> **Available data**
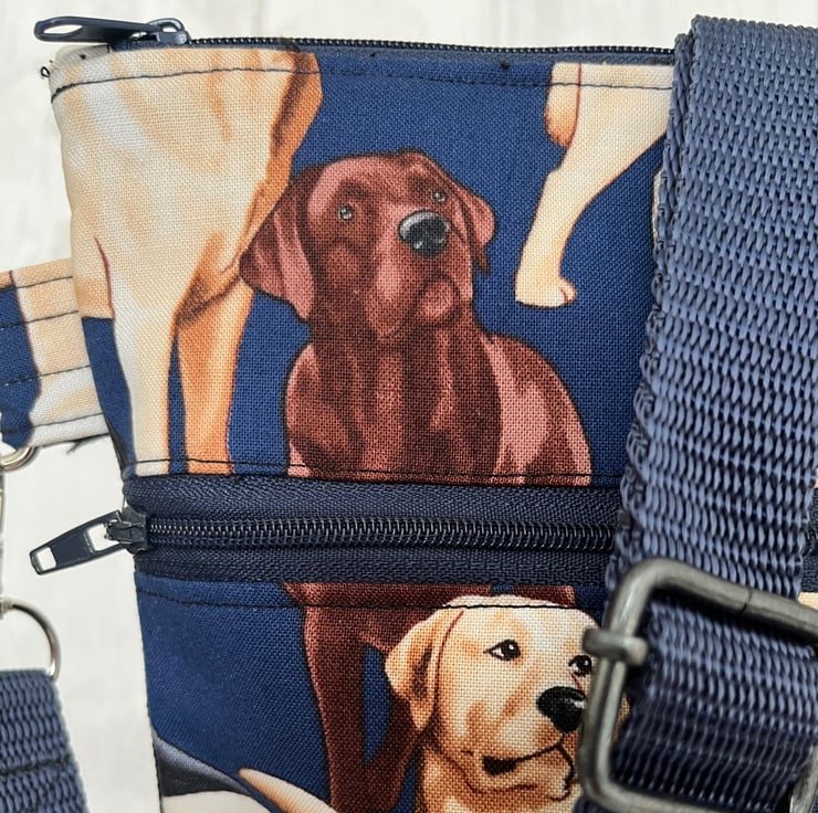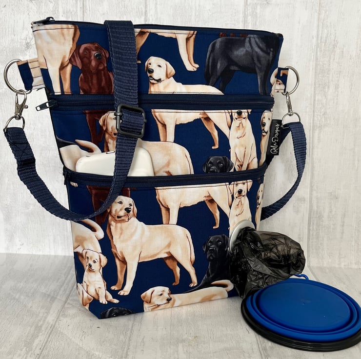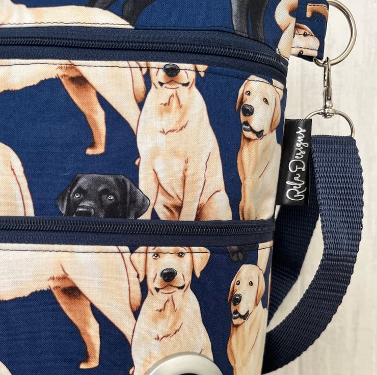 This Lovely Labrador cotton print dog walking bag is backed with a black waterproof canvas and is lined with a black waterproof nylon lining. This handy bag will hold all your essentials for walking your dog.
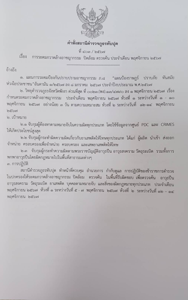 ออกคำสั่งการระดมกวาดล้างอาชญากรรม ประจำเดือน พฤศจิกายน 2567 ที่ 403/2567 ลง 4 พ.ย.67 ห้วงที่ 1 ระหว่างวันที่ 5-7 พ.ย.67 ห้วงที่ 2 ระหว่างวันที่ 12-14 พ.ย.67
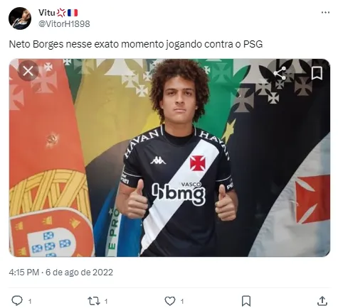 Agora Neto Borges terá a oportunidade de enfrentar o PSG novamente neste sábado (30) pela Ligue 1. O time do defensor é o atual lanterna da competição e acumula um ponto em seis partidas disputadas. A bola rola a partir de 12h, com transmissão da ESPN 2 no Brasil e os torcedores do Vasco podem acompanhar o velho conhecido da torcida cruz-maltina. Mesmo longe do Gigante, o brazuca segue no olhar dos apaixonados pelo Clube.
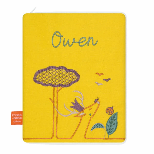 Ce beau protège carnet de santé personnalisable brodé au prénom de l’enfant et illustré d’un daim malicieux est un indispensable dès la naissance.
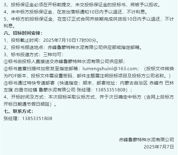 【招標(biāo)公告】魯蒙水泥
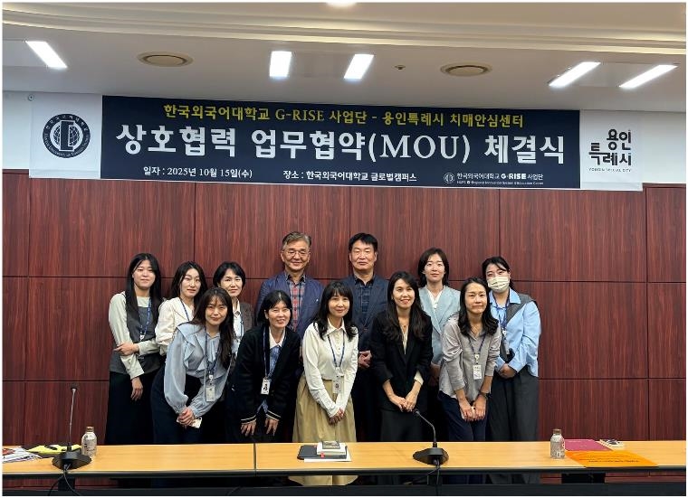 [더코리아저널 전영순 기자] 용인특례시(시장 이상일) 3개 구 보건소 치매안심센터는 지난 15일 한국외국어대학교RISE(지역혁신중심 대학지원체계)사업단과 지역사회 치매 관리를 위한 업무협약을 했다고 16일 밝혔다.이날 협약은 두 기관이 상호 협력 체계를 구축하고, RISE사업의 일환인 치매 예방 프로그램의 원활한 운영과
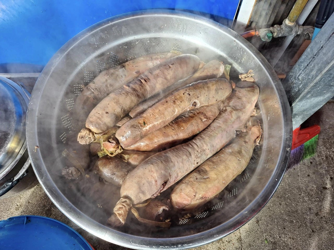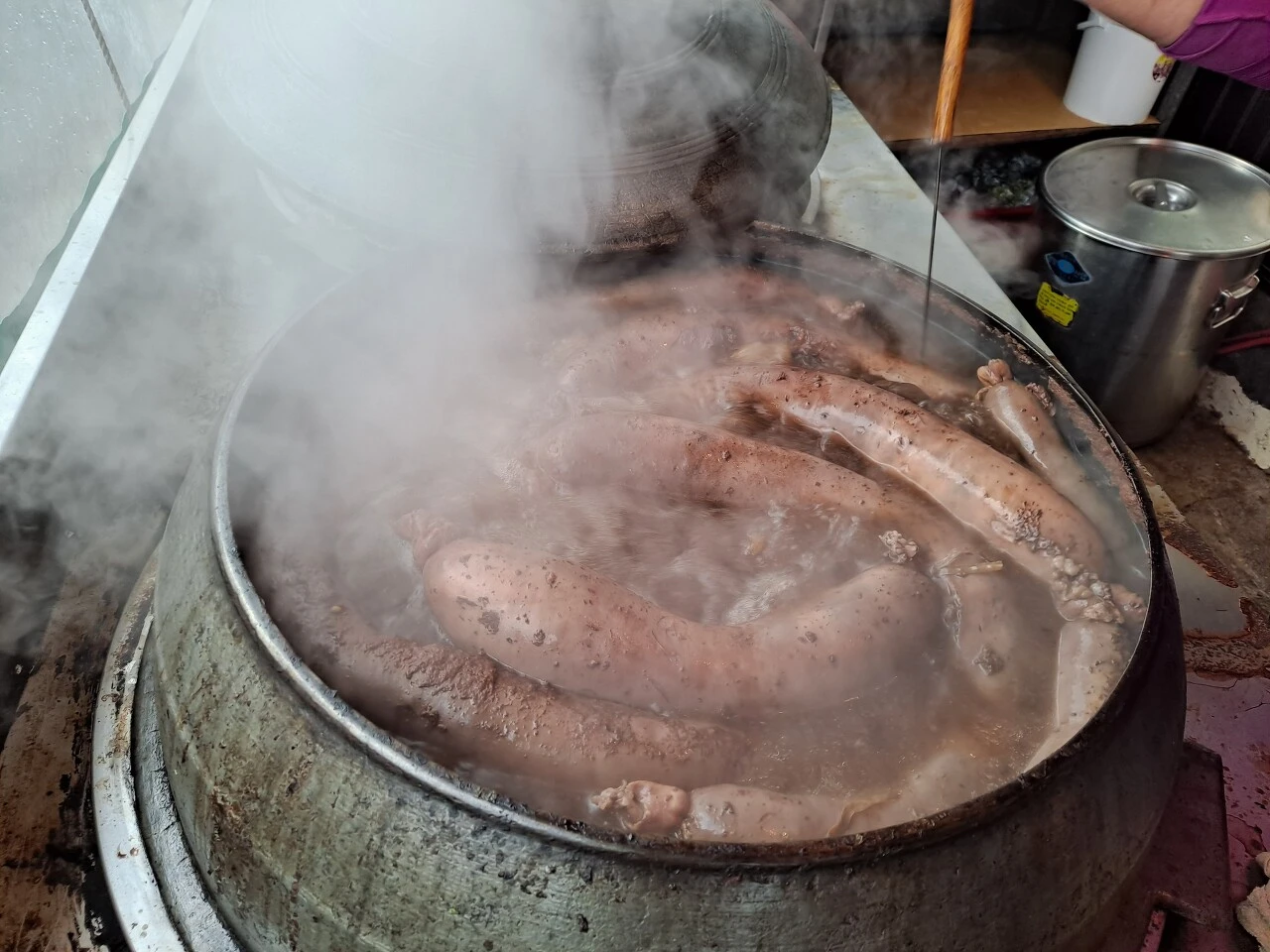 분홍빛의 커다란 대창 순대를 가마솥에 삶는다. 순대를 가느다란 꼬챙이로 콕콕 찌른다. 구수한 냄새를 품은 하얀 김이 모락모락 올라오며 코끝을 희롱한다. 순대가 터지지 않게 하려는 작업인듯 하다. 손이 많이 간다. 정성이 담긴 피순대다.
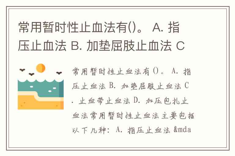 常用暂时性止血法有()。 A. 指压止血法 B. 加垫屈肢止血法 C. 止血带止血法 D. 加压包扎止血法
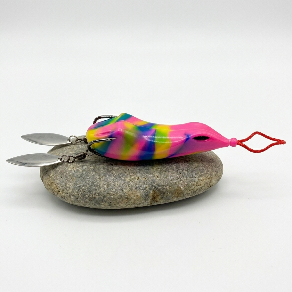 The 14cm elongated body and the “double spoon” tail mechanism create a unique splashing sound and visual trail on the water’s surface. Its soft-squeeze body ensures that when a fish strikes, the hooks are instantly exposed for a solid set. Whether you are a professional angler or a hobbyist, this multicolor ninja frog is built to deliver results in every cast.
* * *
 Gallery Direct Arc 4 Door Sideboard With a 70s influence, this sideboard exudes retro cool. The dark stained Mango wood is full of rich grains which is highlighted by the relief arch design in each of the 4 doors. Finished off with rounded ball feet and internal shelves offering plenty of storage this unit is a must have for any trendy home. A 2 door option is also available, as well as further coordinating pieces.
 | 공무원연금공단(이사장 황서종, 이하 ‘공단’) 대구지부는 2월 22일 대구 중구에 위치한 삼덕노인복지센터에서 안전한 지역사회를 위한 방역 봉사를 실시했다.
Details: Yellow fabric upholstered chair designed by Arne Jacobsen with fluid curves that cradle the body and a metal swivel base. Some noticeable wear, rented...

> **Task objective**
Lines from the one above containing "Agora Neto Borges" down to the one containing "The 14cm elongated" should be transcribed exactly, with both ends kept and no pictures.

> **Result for this exercise**
 Agora Neto Borges terá a oportunidade de enfrentar o PSG novamente neste sábado (30) pela Ligue 1. O time do defensor é o atual lanterna da competição e acumula um ponto em seis partidas disputadas. A bola rola a partir de 12h, com transmissão da ESPN 2 no Brasil e os torcedores do Vasco podem acompanhar o velho conhecido da torcida cruz-maltina. Mesmo longe do Gigante, o brazuca segue no olhar dos apaixonados pelo Clube.
 Ce beau protège carnet de santé personnalisable brodé au prénom de l’enfant et illustré d’un daim malicieux est un indispensable dès la naissance.
 【招標(biāo)公告】魯蒙水泥
 [더코리아저널 전영순 기자] 용인특례시(시장 이상일) 3개 구 보건소 치매안심센터는 지난 15일 한국외국어대학교RISE(지역혁신중심 대학지원체계)사업단과 지역사회 치매 관리를 위한 업무협약을 했다고 16일 밝혔다.이날 협약은 두 기관이 상호 협력 체계를 구축하고, RISE사업의 일환인 치매 예방 프로그램의 원활한 운영과
 분홍빛의 커다란 대창 순대를 가마솥에 삶는다. 순대를 가느다란 꼬챙이로 콕콕 찌른다. 구수한 냄새를 품은 하얀 김이 모락모락 올라오며 코끝을 희롱한다. 순대가 터지지 않게 하려는 작업인듯 하다. 손이 많이 간다. 정성이 담긴 피순대다.
 常用暂时性止血法有()。 A. 指压止血法 B. 加垫屈肢止血法 C. 止血带止血法 D. 加压包扎止血法
 The 14cm elongated body and the “double spoon” tail mechanism create a unique splashing sound and visual trail on the water’s surface. Its soft-squeeze body ensures that when a fish strikes, the hooks are instantly exposed for a solid set. Whether you are a professional angler or a hobbyist, this multicolor ninja frog is built to deliver results in every cast.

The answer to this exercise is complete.